BARBIE – Deutschlandstart 20. Juli 2023
Der Titel dieser Besprechung ist keine Kritik am Film. Das ist ein Satz der fällt, während irgendeine Wand durchbrochen wird (also eine metaphysische, die vierte kann es nicht gewesen sein, denn es ist die Erzählerin die diesen Satz sagt, als Barbie sich während einer schweren Sinnkrise für hässlich hält).
Und das ist auch schon äußerst bezeichnend für diesen völlig abgefahrenen Film, zu dem, als ich den Saal verließ, zwei Gedanken sofort in meinem Kopf manifestierten:
Was zur Hölle habe ich da gerade gesehen?
und
Wie soll ich das denn besprechen?
Eins möchte ich gleich von vorneweg von der Brust haben, damit das geklärt ist und ich mich nicht später in der Rezension nochmal aufregen muss: Ich beschwere mich ja oft über schlechte Synchronisationen, aber was hier abgeliefert wurde, kann ich nur als eine Frechheit bezeichnen. Die Übersetzungen sind so oft hart daneben, die Gags schlecht als recht übersetzt. Wenn man nicht ahnen würde, was da in Wirklichkeit gesagt wird und wenn man nicht wüsste, dass man sich den noch mal im Original wird ansehen können, könnte man über das Abgelieferte schier verzweifeln.
Glücklicherweise kann der Film selbst das mehr als auffangen.
Ich weiß, ich bin spät dran, aber aufgrund misslicher Umstände konnte ich den Barbie-Film, der gerade mehr Rauschen im rosafarbenen Internet-Blätterwald auslöst, als man gedacht hätte, leider erst jetzt sehen. Ich hätte auch nie gedacht, dass ich mir jemals einen Barbie-Film ansehen würde. Aber erstens hat der gerade mehr Rauschen im rosafarbenen Internet-Blätterwald ausgelöst, als man jemals gedacht hatte, und zweitens hatten die mir das im Prinzip schon erfolgreich verkauft, als ich den Trailer vor INDIANA JONES gesehen hatte. Den Trailer, in dem unter anderem die Introsequenz aus 2001 mit den Affen, den Knochen und dem Monolithen nachgestellt wurde.
In dem Moment hatte ich schon so eine gewisse Ahnung, dass dieser Film nach der Mattel-Spielzeugikone vielleicht ganz anders werden könnte, als man erwarten würde. Ich habe mich in den letzten Wochen erfolgreich dagegen gewehrt, gespoilert zu werden.

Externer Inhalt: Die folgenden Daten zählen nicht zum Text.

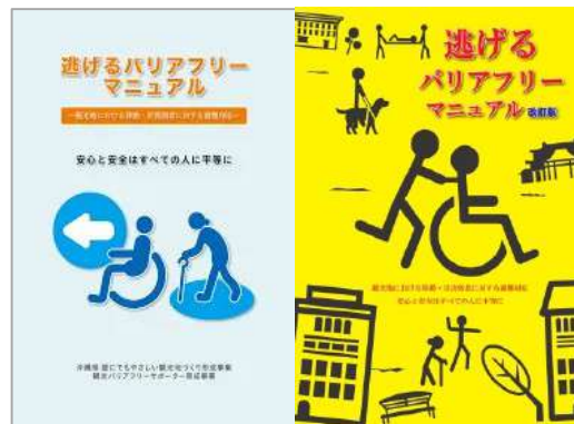
逃げるバリアフリーマニュアル

Wogegen ich mich nicht wehren konnte, waren die Meldungen darüber, dass auf der ganzen Welt selbsternannte Alphamännchen sich aufdiebrustklopfenderweise über BARBIE echauffierten. Ich konnte mich also darauf vorbereiten, dass Männer hier vielleicht nicht ganz so gut wegkommen.
Tatsächlich ist das aber gar nicht so. Zum einen werden nur Wahrheiten verbreitet und zum anderen ist das Ende ziemlich versöhnlich, nachdem Machos, deren dicke Karren und ähnliche Höhlenmenschen-Versatzstücke ordentlich auf die Schippe genommen wurden.

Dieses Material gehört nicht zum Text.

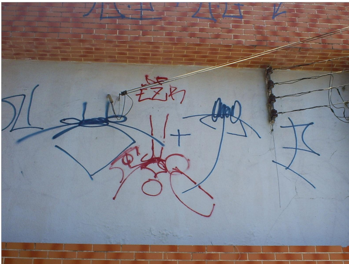
IMAGEM 17: Fachada do Camelódromo na av. Guilherme Rocha, Fort-CE. (2011)

Ebenfalls ordentlich auf die Schippe genommen wird übrigens Spielzeugkonzern Mattel. Die bekommen in einer Tour ihr Fett weg, obwohl sie als Rechteinhaber und Produzenten im Vorspann stehen. Es geht um abgesetzte Spielzeugpuppen, um Geschmacksverirrungen und es geht um eine komplett volltrottelige Chefetage, angeführt von einem gutgelaunten Will Farrell in einer für ihn sehr typischen Rolle (mit einigen der besten Sprüche des Films). Auch an der Barbie-Erfinderin arbeitet man sich ab.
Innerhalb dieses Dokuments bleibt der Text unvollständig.